Repeat the data that follows in full. Do not include the pictures.

DATA BELOW:
---

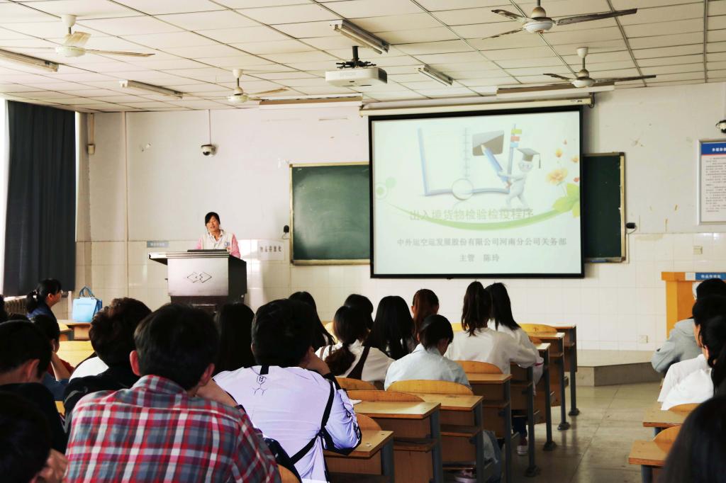 4月28日下午,经济贸易学院特邀中外运空运发展股份有限公司河南分公司关务部主管陈玲女士在W205教为国际贸易专业学生做题为《出入境货物检验检疫操作技巧》的专题讲座,受到经贸学院学生的热烈欢迎。
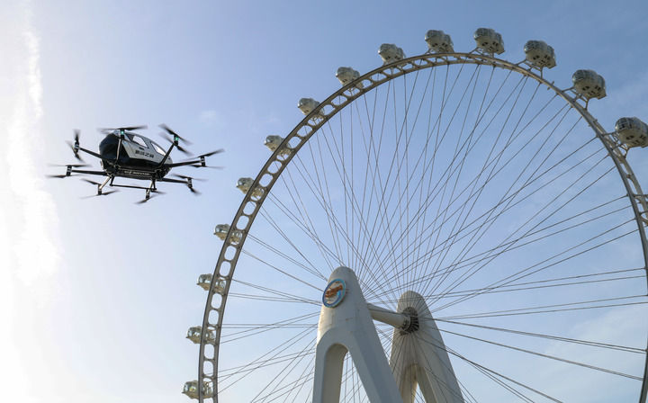 在深圳市宝安区城市空中交通运营示范中心,亿航eVTOL航空器进行展示飞行(2025年4月16日摄)。
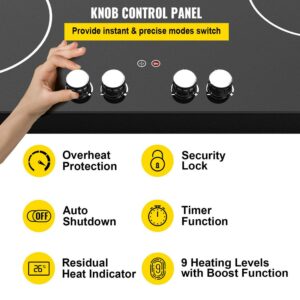 – Modern Digital Knob Controls: Our built-in electric stovetop has 9 heating power levels. The knobs allow you to precisely switch from boil to simmer and reach temperatures between 140-464 . The boost function is well-designed for rapid heating up to 518 within 3 minutes. In addition, the 1-99min timer is equipped, making cooking easy and enjoyable. Set the power and timer and let the cooktop do the rest. This knob control panel is ideal for achieving accurate cooking effects.

---

SOLUTION TO THE PROBLEM:
 4月28日下午,经济贸易学院特邀中外运空运发展股份有限公司河南分公司关务部主管陈玲女士在W205教为国际贸易专业学生做题为《出入境货物检验检疫操作技巧》的专题讲座,受到经贸学院学生的热烈欢迎。
 在深圳市宝安区城市空中交通运营示范中心,亿航eVTOL航空器进行展示飞行(2025年4月16日摄)。
 – Modern Digital Knob Controls: Our built-in electric stovetop has 9 heating power levels. The knobs allow you to precisely switch from boil to simmer and reach temperatures between 140-464 . The boost function is well-designed for rapid heating up to 518 within 3 minutes. In addition, the 1-99min timer is equipped, making cooking easy and enjoyable. Set the power and timer and let the cooktop do the rest. This knob control panel is ideal for achieving accurate cooking effects.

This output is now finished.